El misterio de
Dios, creador y redentor, debe aparecer en toda su grandeza
I. PROBLEMAS
ACTUALES DE LA TEOLOGÍA. LA SEPARACIÓN ENTRE JESÚS Y CRISTO: 1. Construcción de
un «Jesús histórico» detrás del Jesús de los evangelios - 2. Incomprensión de
la doctrina cristiana de la redención - 3. Pérdida de la imagen de Dios: la
imagen deísta del mundo y sus consecuencias: a) Cambio radical en la idea de
culto y de liturgia - b) Transformación de la teología moral: dualismo entre
naturaleza e historia - II. CONSECUENCIAS PARA LA CATEQUESIS. PRIMACÍA DEL
CONTENIDO SOBRE EL MÉTODO: 1. El misterio de Dios y la fe en la creación - 2.

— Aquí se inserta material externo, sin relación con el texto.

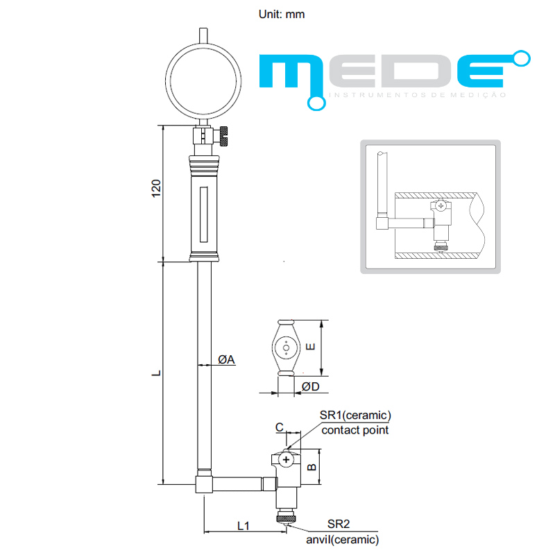 - Incluso relógio comparador, batentes, espaçadores intercambiáveis e estojo
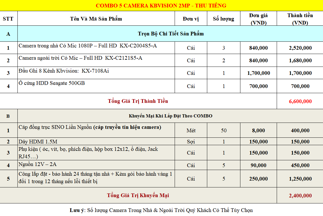 Khi mua combo camera 5 mắt có âm thanh Kbvision 2MP tại Viễn Thông TBA, quý khách hàng sẽ được sở hữu một bộ camera quan sát có dây chính hãng với giá cả hợp lý nhất. Tất cả các combo đều được hỗ trợ với chi phí tiết kiệm hơn so với mua riêng lẻ các sản phẩm, kèm theo đó là nhiều khuyến mại hấp dẫn. Chi tiết bạn có thể xem ở bảng dưới đây:
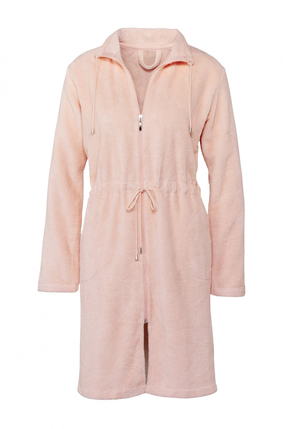 Chicago badjas is een effen velours badjas met een ritssluiting. Het is een prachtige korte badjas met een zachte glans, die gevoerd is met bamboe. De Chicago badjas van Vandyck heeft een chique uitstraling doordat de badjas getailleerd kan worden met een koord. Deze badjas is geschikt voor dames.
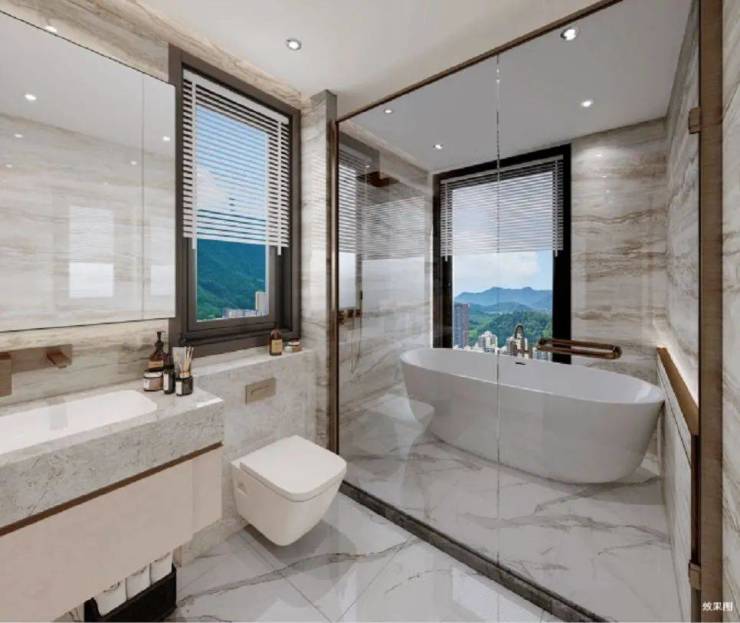 阔绰套房设计,浴室厨房亦可赏美景,客餐厅一体化设计。

El Cristo de los evangelios como el verdadero Jesús - 3. Comunidades donde viva
la fe
La
situación de la fe y de la teología en Europa se caracteriza hoy, sobre todo,
por una desmoralización eclesial. La antítesis «Jesús sí, Iglesia no» parece
típica del pensamiento de una generación. No sirve de mucho el intento de
destacar los aspectos positivos de la Iglesia y su condición inseparable de
Jesús. Para entender la precariedad real de la fe en nuestro tiempo hay que
ahondar más. Porque detrás de esa difundida contraposición entre Jesús y la
Iglesia late un problema cristológico. La verdadera antítesis que hemos de
afrontar no se expresa con la fórmula «Jesús sí, Iglesia no»; habría que decir
«Jesús sí, Cristo no», o «Jesús sí, Hijo de Dios no». Asistimos a una verdadera
ola de adhesión a Jesús en las más diversas tonalidades: Jesús en el cine,
Jesús en la ópera rock, Jesús como bandera de opciones políticas... Todos estos
fenómenos expresan formas de entusiasmo o de pasión religiosa que se reclaman
de la figura misteriosa de Jesús y de su fuerza interna, pero desentendiéndose
de lo que la fe de la Iglesia y la fe de los evangelistas —que fundamenta la
primera— dicen sobre Jesús. Este aparece como uno de los «hombres decisivos»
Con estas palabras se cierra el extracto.